*Problem*
Set down every entry exactly as given. Pictures are to be left out.
Data provided Block Start
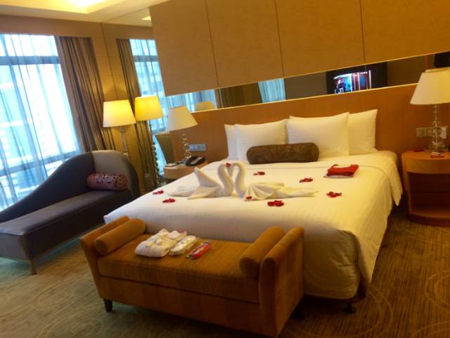 在磐基皇冠假日酒店, 两组同学在礼宾部经理和前厅大使的带领下走进了16层的行政层,行政层的负责人详细地介绍了行政层的组成部分、用途和包括VIP服务的酒店环境。随后在小型的会议厅里面,同学们跟酒店管理层进行了互动交流,问题开始于林建衡同学提出的“在公款消费受到很大打击的现在,酒店会不会受到影响,磐基是如何解决的呢?”,紧接着“酒店房间在网络上需要提前七天甚至更久预定会不会影响酒店的入住率?”“、“酒店成立至今最大的问题是什么?”、“房间宽带需要收费会不会影响客源入住?”小小的会议室里面气氛分外热烈,前厅部经理耐心的解答了各种问题。
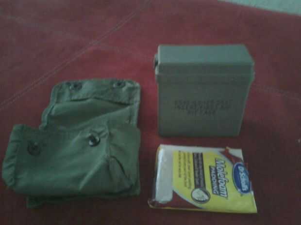 Este primer kit que compré de un amigo y vino con el material habitual de los militares. Vino con los ganchos ALICE para conectar a la unidad, botiquín de auxilios de los abetos de plástico y luego he añadido algunos espuma mole para ampollas.
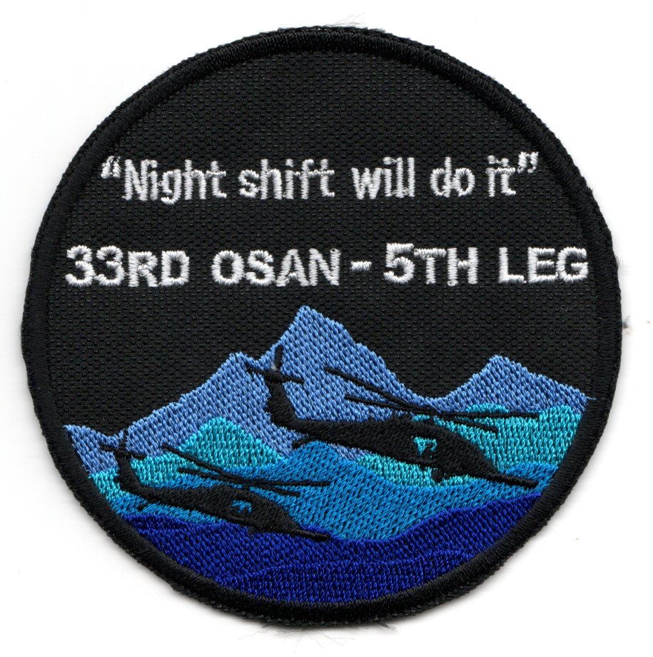 (Korean) The 33d Rescue Squadron is part of the 18th Wing at Kadena Air Base, Japan and operate the Sikorsky HH-60 Pave Hawk aircraft conducting search and rescue missions. This patch was created with one of their many mottos: “NIGHT SHIFT WILL DO IT”, and as a rescue unit, likes to operate under the cover of night. These were found in a local Korean embroidery shop and has that “theater-made” feel with the ‘cut’ edge, and does not have velcro attached.
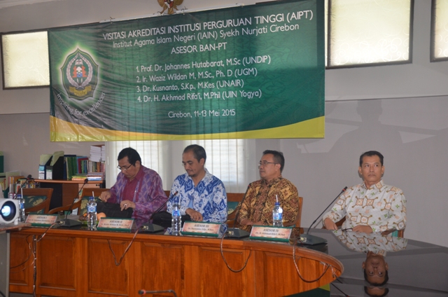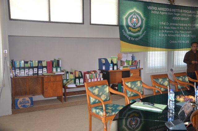GUDEP PRAMUKA IAIN Syekh Nurjati Cirebon menyambut tamu Tim Asesor BAN-PT. Dr. Septi Gumiandari, M. Ag menyambut kedatangan Tim Asesor BAN-PT. Dr. Anwar Sanusi, M. Ag menyambut Prof.Dr. Johannes Hurabarat, M.Sc dan Dr. H. Akhmad Rifa’i, M. Phil. Dr. Kusnanto, S.Kp., M. Kes dan Ir. Waziz Wildan M, M. Sc. Rektor IAIN menyambut Tim Asesor BAN-PT di ruang kerja beliau. Dokumen-dokumen yang disiapkan oleh Tim Gugus Mutu LPM. Rektor IAIN membuka acara Visitasi Akreditasi Institusi Perguruan Tinggi (AIPT) Tim Asesor BAN-PT Pejabat Rektorat hadir dalam acara AIPT Tahun 2015. Dr. Septi Gumiandari, M. Ag menyampaikan prolog kegiatan di depan Tim Asesor dan peserta. Tim Gusus Mutu Siap membantu dalam hal dokumen yag dibutuhkan oleh Tim Asesor BAN-PT.
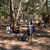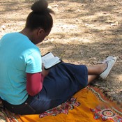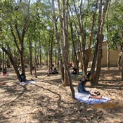 After the morning tape service, we sang a few songs and walked out of the chapel to a calm and quiet space where all the youth were told to pick a place by a tree to sit and have a quiet time with God. I could see many young people kneeling and praying in silent prayer with hands raised, others listening to the Message on their phone whilst others sat to read Message books and the Bible. This went on for an hour. When the time was up, you could hear many youths say, "We needed more time with God, the time frame was too short."
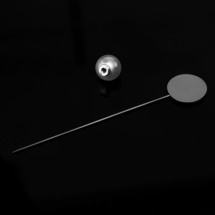 Основа "Брошь-игла" с шариком d=1,2 см (набор 5 шт.), L=5 см, площадка 1,5 см, цвет серебро
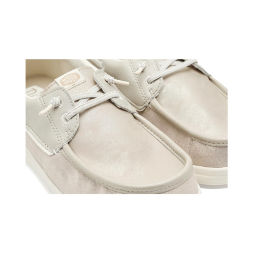 - The Hey Dude Kids Wells Classic Shoes combine clean, timeless style with lightweight comfort for everyday wear. Designed with an easy-to-wear silhouette, this style features a flexible polyester upper that supports natural movement and an elasticized lace-up design for a secure, adjustable fit. A cushioned ethylene vinyl acetate footbed provides comfortable underfoot support, while the lightweight outsole helps keep steps easy and flexible throughout the day. Flex & Fold technology supports healthy feet with its unique shape, giving complete freedom of movement.
Data provided Block End
*Reply*
 在磐基皇冠假日酒店, 两组同学在礼宾部经理和前厅大使的带领下走进了16层的行政层,行政层的负责人详细地介绍了行政层的组成部分、用途和包括VIP服务的酒店环境。随后在小型的会议厅里面,同学们跟酒店管理层进行了互动交流,问题开始于林建衡同学提出的“在公款消费受到很大打击的现在,酒店会不会受到影响,磐基是如何解决的呢?”,紧接着“酒店房间在网络上需要提前七天甚至更久预定会不会影响酒店的入住率?”“、“酒店成立至今最大的问题是什么?”、“房间宽带需要收费会不会影响客源入住?”小小的会议室里面气氛分外热烈,前厅部经理耐心的解答了各种问题。
 Este primer kit que compré de un amigo y vino con el material habitual de los militares. Vino con los ganchos ALICE para conectar a la unidad, botiquín de auxilios de los abetos de plástico y luego he añadido algunos espuma mole para ampollas.
 (Korean) The 33d Rescue Squadron is part of the 18th Wing at Kadena Air Base, Japan and operate the Sikorsky HH-60 Pave Hawk aircraft conducting search and rescue missions. This patch was created with one of their many mottos: “NIGHT SHIFT WILL DO IT”, and as a rescue unit, likes to operate under the cover of night. These were found in a local Korean embroidery shop and has that “theater-made” feel with the ‘cut’ edge, and does not have velcro attached.
GUDEP PRAMUKA IAIN Syekh Nurjati Cirebon menyambut tamu Tim Asesor BAN-PT. Dr. Septi Gumiandari, M. Ag menyambut kedatangan Tim Asesor BAN-PT. Dr. Anwar Sanusi, M. Ag menyambut Prof.Dr. Johannes Hurabarat, M.Sc dan Dr. H. Akhmad Rifa’i, M. Phil. Dr. Kusnanto, S.Kp., M. Kes dan Ir. Waziz Wildan M, M. Sc. Rektor IAIN menyambut Tim Asesor BAN-PT di ruang kerja beliau. Dokumen-dokumen yang disiapkan oleh Tim Gugus Mutu LPM. Rektor IAIN membuka acara Visitasi Akreditasi Institusi Perguruan Tinggi (AIPT) Tim Asesor BAN-PT Pejabat Rektorat hadir dalam acara AIPT Tahun 2015. Dr. Septi Gumiandari, M. Ag menyampaikan prolog kegiatan di depan Tim Asesor dan peserta. Tim Gusus Mutu Siap membantu dalam hal dokumen yag dibutuhkan oleh Tim Asesor BAN-PT.
 After the morning tape service, we sang a few songs and walked out of the chapel to a calm and quiet space where all the youth were told to pick a place by a tree to sit and have a quiet time with God. I could see many young people kneeling and praying in silent prayer with hands raised, others listening to the Message on their phone whilst others sat to read Message books and the Bible. This went on for an hour. When the time was up, you could hear many youths say, "We needed more time with God, the time frame was too short."
 Основа "Брошь-игла" с шариком d=1,2 см (набор 5 шт.), L=5 см, площадка 1,5 см, цвет серебро
 - The Hey Dude Kids Wells Classic Shoes combine clean, timeless style with lightweight comfort for everyday wear. Designed with an easy-to-wear silhouette, this style features a flexible polyester upper that supports natural movement and an elasticized lace-up design for a secure, adjustable fit. A cushioned ethylene vinyl acetate footbed provides comfortable underfoot support, while the lightweight outsole helps keep steps easy and flexible throughout the day. Flex & Fold technology supports healthy feet with its unique shape, giving complete freedom of movement.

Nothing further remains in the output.